On Fri, Jun 21, 2019 at 08:45:01AM +0200, Greg KH wrote:
> On Thu, Jun 20, 2019 at 05:23:12PM -0500, Jiunn Chang wrote:
> > On Wed, Jun 19, 2019 at 10:11:20AM -0600, Shuah Khan wrote:
> > > On 6/19/19 9:21 AM, Greg KH wrote:
> > > > On Tue, Jun 18, 2019 at 04:24:21PM -0600, Shuah Khan wrote:
> > > > > On 6/18/19 3:56 PM, Jiunn Chang wrote:
> > > > > > On Tue, Jun 18, 2019 at 03:49:13PM -0600, Shuah Khan wrote:
> > > > > > > On 6/18/19 3:12 PM, Jiunn Chang wrote:
> > > > > > > > Hello,
> > > > > > > > 
> > > > > > > > This is an analysis of:
> > > > > > > > 
> > > > > > > > https://syzkaller.appspot.com/bug?id=06c8522152c9325bf0f1a3dc5b33d1b95a47431f
> > > > > > > > 
> > > > > > > > I was able to reproduce crash on upstream v5.1-rc4 with gcc 9.1 using *.syz program.

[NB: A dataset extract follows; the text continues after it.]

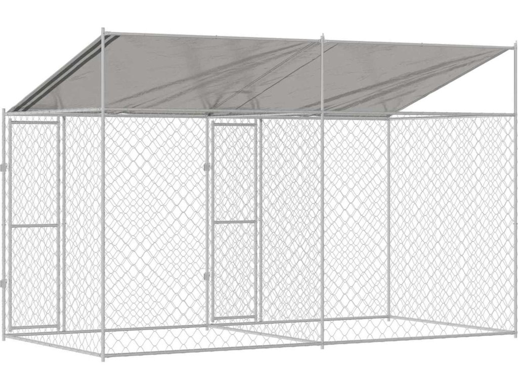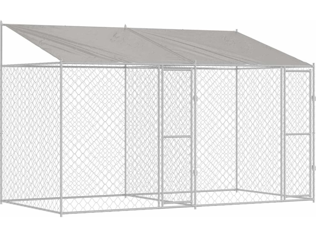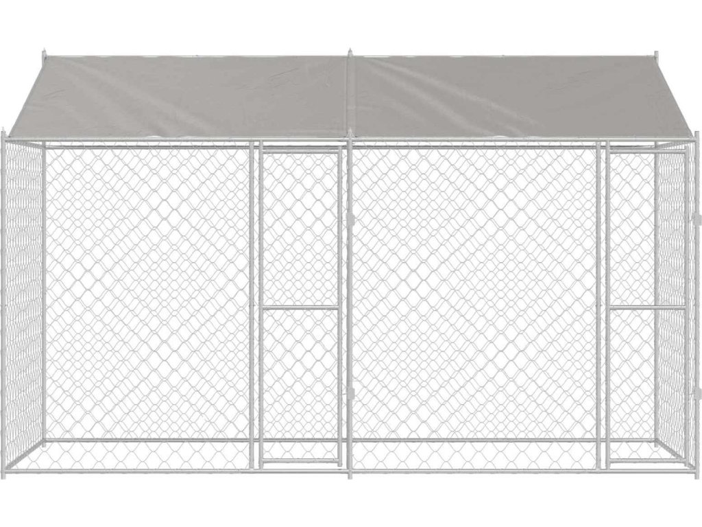 Psí klec s střechou Stříbrná 400 x 200 x 256 cm Ocel a PE [3368298]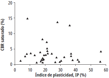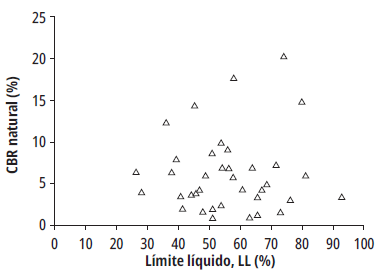 A pesar de que se intentó correlacionar el CBR, tanto en estado natural como saturado, con propiedades índice como los límites de Atterberg, humedad natural y contenido de finos, la tendencia entre las variables no fue tan buena como en la resistencia a compresión inconfinada, ni de forma individual ni para combinaciones entre ellas.

> > > > > > > > Syzbot has found similiar warnings in 4.19 and 4.14.
> > > > > > > > 
> > > > > > > > Site of WARN_ON in lib/refcount.c from RIP:
> > > > > > > > 
> > > > > > > > void refcount_inc_checked(refcount_t *r)
> > > > > > > > {
> > > > > > > >            WARN_ONCE(!refcount_inc_not_zero_checked(r), "refcount_t: increment on 0; use-after-free.\n");
> > > > > > > > }
> > > > > > > > 
> > > > > > > > This warning is a precaution on RCU structures where there is a possible
> > > > > > > > use-after-free since RCU structures with a refcount of 0 are freed.
> > > > > > > > 
> > > > > > > > Backtrace stack sample:
> > > > > > > > 
> > > > > > > > [  596.532838][T10020]  kobject_get+0x66/0xc0
> > > > > > > > [  596.532838][T10020]  kobject_add_internal+0x14f/0x380
> > > > > > > > [  596.532838][T10020]  ? kfree_const+0x5e/0x70
> > > > > > > > [  596.532838][T10020]  kobject_add+0x150/0x1c0
> > > > > > > > [  596.532838][T10020]  ? kobject_add_internal+0x380/0x380
> > > > > > > > [  596.532838][T10020]  get_device_parent.isra.0+0x413/0x560
> > > > > > > > [  596.532838][T10020]  device_add+0x2df/0x17a0
> > > > > > > > [  596.532838][T10020]  ? get_device_parent.isra.0+0x560/0x560
> > > > > > > > [  596.532838][T10020]  ? start_creating+0x163/0x1e0
> > > > > > > > [  596.532838][T10020]  ? __sanitizer_cov_trace_const_cmp8+0x18/0x20
> > > > > > > > [  596.532838][T10020]  hci_register_dev+0x2e8/0x860
> > > > > > > > 
> > > > > > > > Since no *.c reproducer was provided, I generated one from the *.syz program.
> > > > > > > > 
> > > > > > > > #include <endian.h>
> > > > > > > > #include <stdint.h>
> > > > > > > > #include <stdio.h>
> > > > > > > > #include <stdlib.h>
> > > > > > > > #include <string.h>
> > > > > > > > #include <sys/syscall.h>
> > > > > > > > #include <sys/types.h>
> > > > > > > > #include <unistd.h>
> > > > > > > > 
> > > > > > > > uint64_t r[1] = {0xffffffffffffffff};
> > > > > > > > 
> > > > > > > > int main(void)
> > > > > > > > {
> > > > > > > >      syscall(__NR_mmap, 0x20000000, 0x1000000, 3, 0x32, -1, 0);
> > > > > > > >      intptr_t res = 0;
> > > > > > > >      memcpy((void*)0x20000000, "/dev/vhci\000", 10);
> > > > > > > >      res = syscall(__NR_openat, 0xffffffffffffff9c, 0x20000000, 0x246, 0);
> > > > > > > >      if (res != -1)
> > > > > > > >        r[0] = res;
> > > > > > > >      memcpy((void*)0x200000c0, "\xff\x80", 2);
> > > > > > > >      syscall(__NR_write, r[0], 0x200000c0, 2);
> > > > > > > >      return 0;
> > > > > > > > }
> > > > > > > > 
> > > > > > > > Analysis:
> > > > > > > > 
> > > > > > > >    From the C code, syzkaller is mapping a vhci device.  This will require
> > > > > > > > resources from the block layer.  I begin by looking at the call to
> > > > > > > > hci_register_dev from net/bluetooth/hci_core.c:3305.  There is a call to
> > > > > > > > device_add.
> > > > > > > > 
> > > > > > > > If I take a look at the kernel documentation, I see that device_register
> > > > > > > > is also in core.c.  device register will perform both an add and initialize.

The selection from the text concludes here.